My favorite story of Kavi happened in Mrs. Antilla’s English class. We were told to consider the ethical paradox described in the classic thought experiment called “The Trolley Problem.”
The story is you happen upon a train track to which five people have been tied down to. A train is coming and will certainly kill all five people. There is no time to attempt to untie them. However, you are standing by a switch – a switch that will change the path of the train onto another track avoiding the five people who would otherwise die. The catch is that on the other track there is one person who is tied down.
Mrs. Antilla gravely looked around the room and asked, “So… is the correct decision to pull the switch, killing the one person who otherwise would have lived were it not for your intervention? Or should you leave yourself out of the equation entirely, allowing the tragedy to unfold as it would have had you not been around at all, ending with the death of five innocent people?”
“Kavi, what do you think?”
Kavi, nonplussed by the moral gravity of this tragic scenario leaned back on his chair, shrugged his shoulders and curtly responded, “Eh. Depends if they’re white.”
It’s hard to choose a single story. Plus, his parents could see this, and there’re things I wouldn’t want mine to know if the tables were turned – edit this as you’d feel appropriate. In the aggregate, let’s just say awesome, sometimes serendipitous things happened when you were around him.
There was Chicago, where I was a younger-than-usual intern with a bad fake ID (statue of limitations has to be up by now) that ended up working nowhere except the grocery store liquor aisle. And yet, my first week in the city, when I ditched the rest of my intern class to hang out because he was in town for Accenture training, it worked in line at Rockit Bar on West Hubbard.
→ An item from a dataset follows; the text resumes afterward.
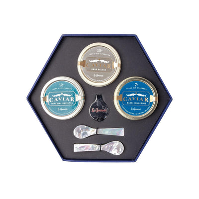 Le Gourmet brings you this elegant caviar box that contains three different finest and precious caviar, with very distinct aromas, 30grams per tin. Amur Beluga, highly sought-after caviar in the world, with delicate almond aromas; Imperial Oscietra, direct from the Caspian Sea, with silky texture, earthy-nut taste and long finish; Baeri Millésime, with chestnut, woody and hazelnut flavours. It also comes with two mother-of-pearl spoons, which is the perfect utensil of serving these small, luxurious but so delicious eggs.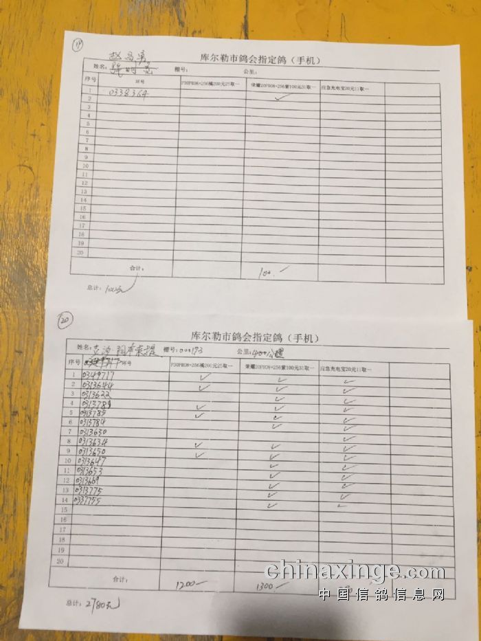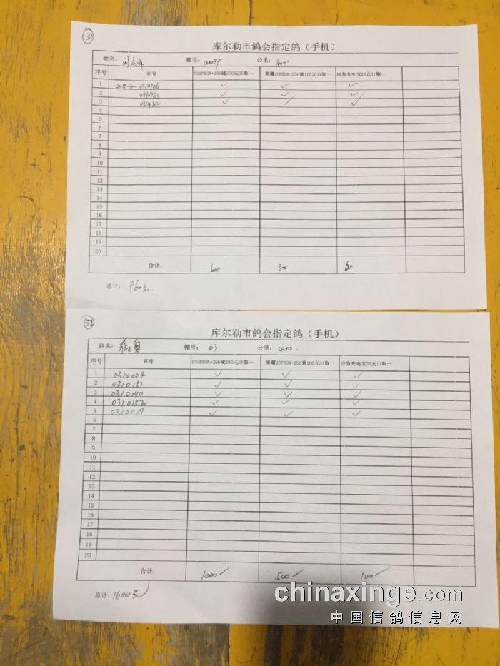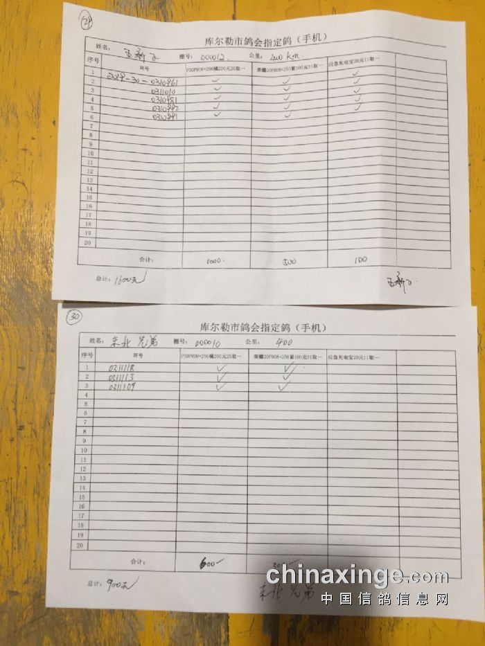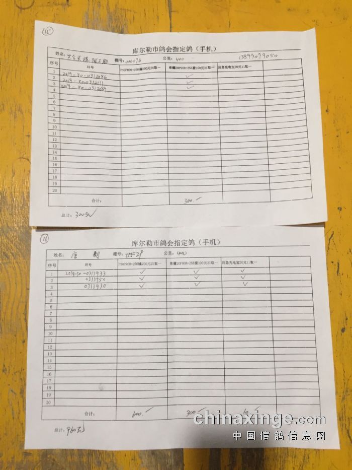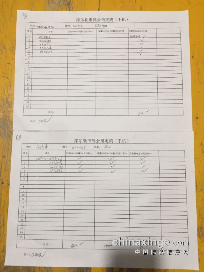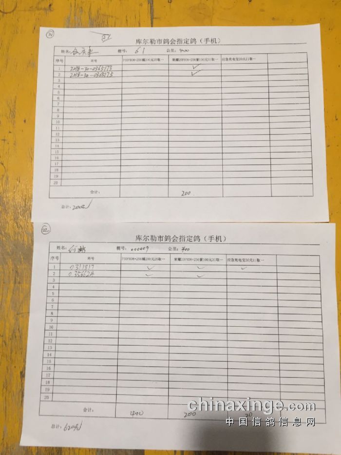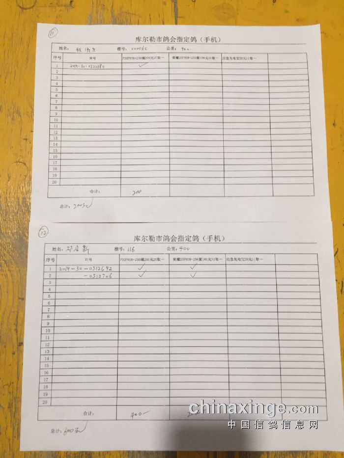 2019年秋四关特比第一关400公里指定鸽明细(手机)

There was Kabin bar, where we went for a comedy show. He was between apartments and crashing with a friend in Brookyln, so he had to leave early, but when Hannibal Burress showed up on stage for a surprise set, he blew off the curfew. He crashed on my couch, and in exchange, we both enjoyed a bit about Bill Cosby that’d blow up the Internet two weeks later.
But most importantly to me, there was my first real house party, which he invited me to (who does that? Invite a gawky, awkward, wide-eyed freshman to a house party?). There, he introduced me to lifelong friends, and gave me front row (lawn?) seats to two of those friends drunk boxing each other on Washtenaw. He handed me a pair of boxing gloves a minute later, with which I sparred his much-taller, much-stronger roommate, and the next morning, the liquor he’d soaked me in handed me my first five-alarm hangover. What he really handed me was a taste of what college could be, and a sample of the joie de vivre with which he approached life.